El que va a sacarlo mediante decreto ley y previo acuerdo mayoritario del Congreso es un Gobierno socialdemócrata apoyado por fuerzas de izquierda a las que se suman los nacionalistas periféricos. (Un detalle algo paradójico, si se tiene en cuenta que, durante la guerra civil, los corresponsales extranjeros se referían al Ejército rebelde de Franco como «las tropas nacionalistas»).

Es de esperar que el Consejo de Ministros gerenciado por Pedro Sánchez sepa qué va a hacer con la momia del dictador. Lo ponga donde lo ponga, el cadáver del general va a ser un lugar de culto probablemente más céntrico que el actual para la minoría de partidarios que todavía le quedaban. Pero sobre todo va a resucitar fantasmas nunca mejor dicho de un pasado que hasta ahora parecía tan lejano como la época de los reyes godos.

Ignoran quizá los promotores de la iniciativa que uno de los principios básicos de la propaganda es que hablen de uno, aunque sea mal. El olvido es la mejor y más cruel penitencia en estos casos, como bien sabría Lenin de estar vivo, al comprobar que su momia funeraria en la Plaza Roja de Moscú es olímpicamente desdeñada por el turismo.

Con Franco ocurría más o menos lo mismo. Los visitantes del Valle de los Caídos fueron el pasado año unos 280.000, cifra más bien exigua si se la compara con los 4,5 millones que recibió la Sagrada Familia o los tres millones de la catedral de Santiago. Bastó, sin embargo, que se anunciase la mudanza de sus restos a otro lugar para que la afluencia a Cuelgamuros creciese en julio un 45 por ciento con respecto al mismo mes del año anterior.

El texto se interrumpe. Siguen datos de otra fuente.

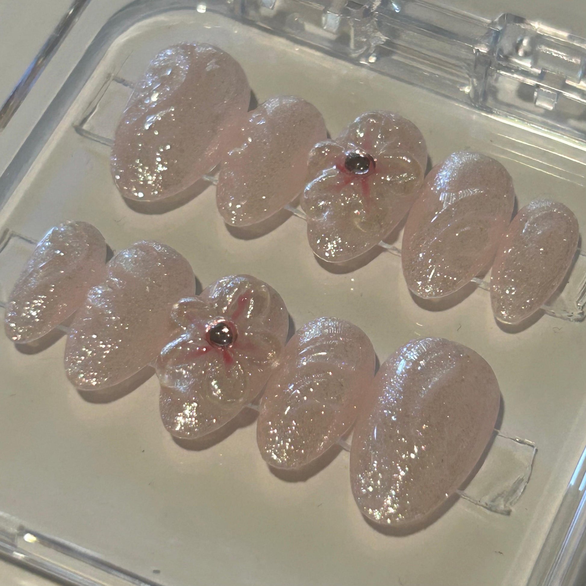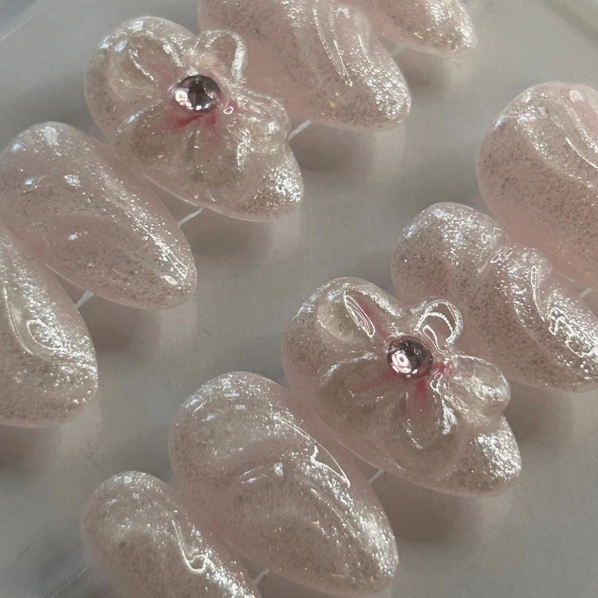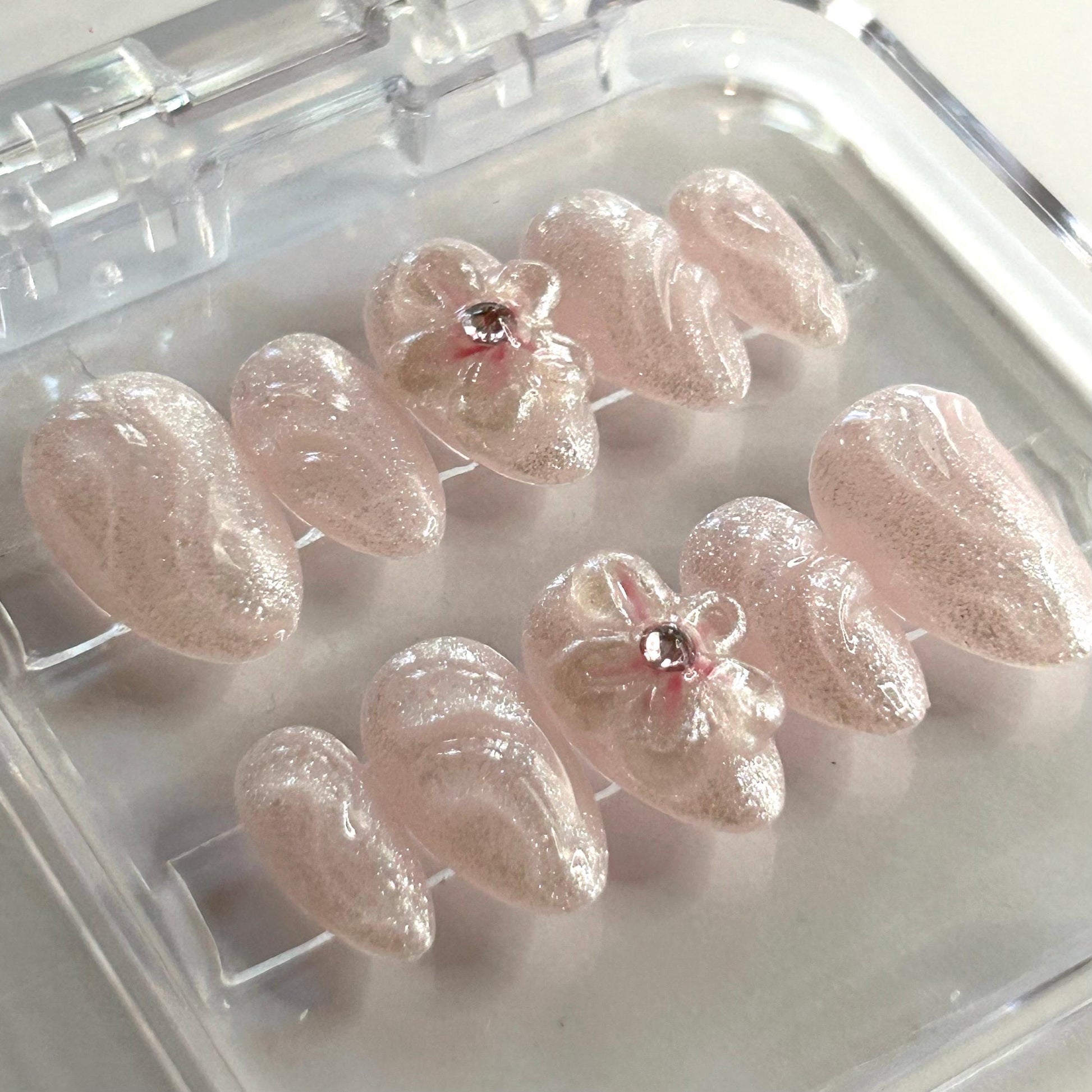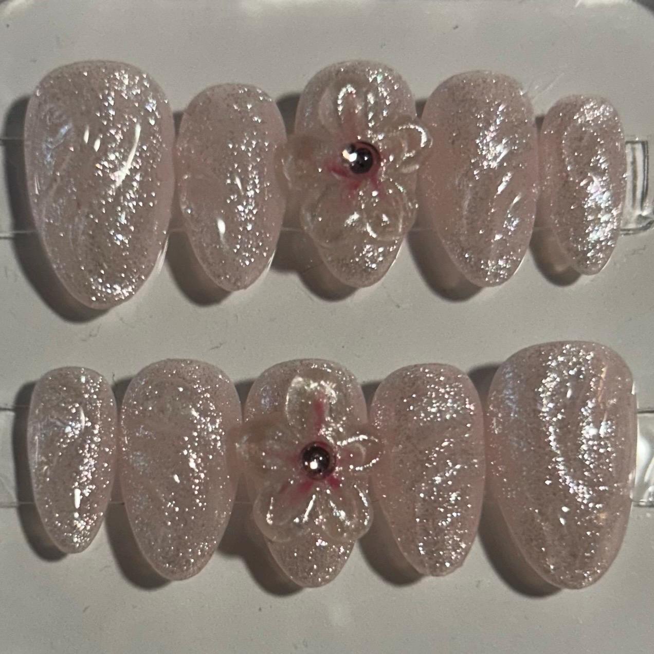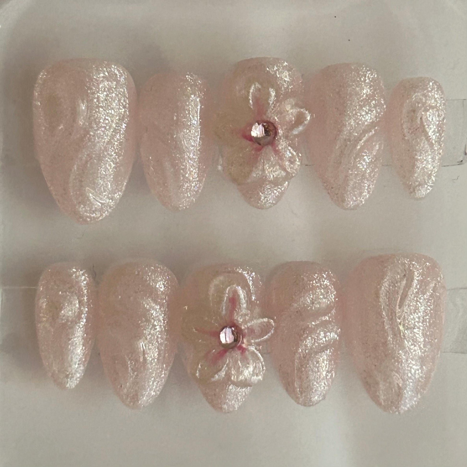 Pictured in Short Almond. Reusable soft nude baby pink press-on nails featuring a white flash glitter gel, 3d texture swirls and 3d cherry blossom flowers with pink detailing, pearl chrome detailing, and pink gems. These nails have a builder gel apex structure just like a fresh salon set, and builder gel chrome and rhinestone reinforcement. Please note: colors and shine will vary depending on photography, lighting and angles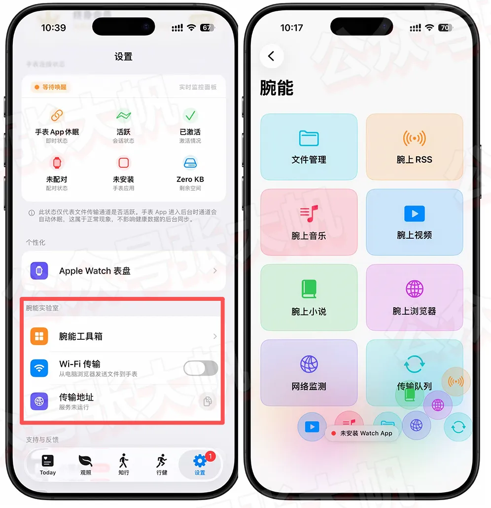 除了健康运动功能,它还支持内置了多个工具和娱乐功能,可以在设置的实验室打开使用。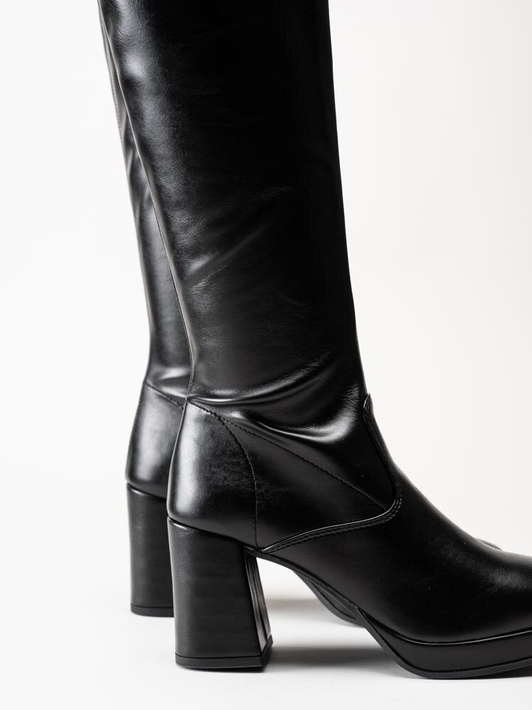 Svarta overknee stövlar med robust klack och platå från Tamaris. Tillverkade i syntet med elastiskt skaft för skön passform.

Infelizmente, la dictadura no cayó en España, sino que se reformó a sí misma para transformarse de tiranía en democracia bajo el mando del que entonces era secretario general del Movimiento, Adolfo Suárez; y con la anuencia de un rey designado por Franco. Aquella fue una manera de decirle adiós y hasta nunca al dictador, sin riesgos de nuevos enfrentamientos civiles. Sorprende que ahora volvamos a decirle hola a su cadáver; pero es que este país es muy raro.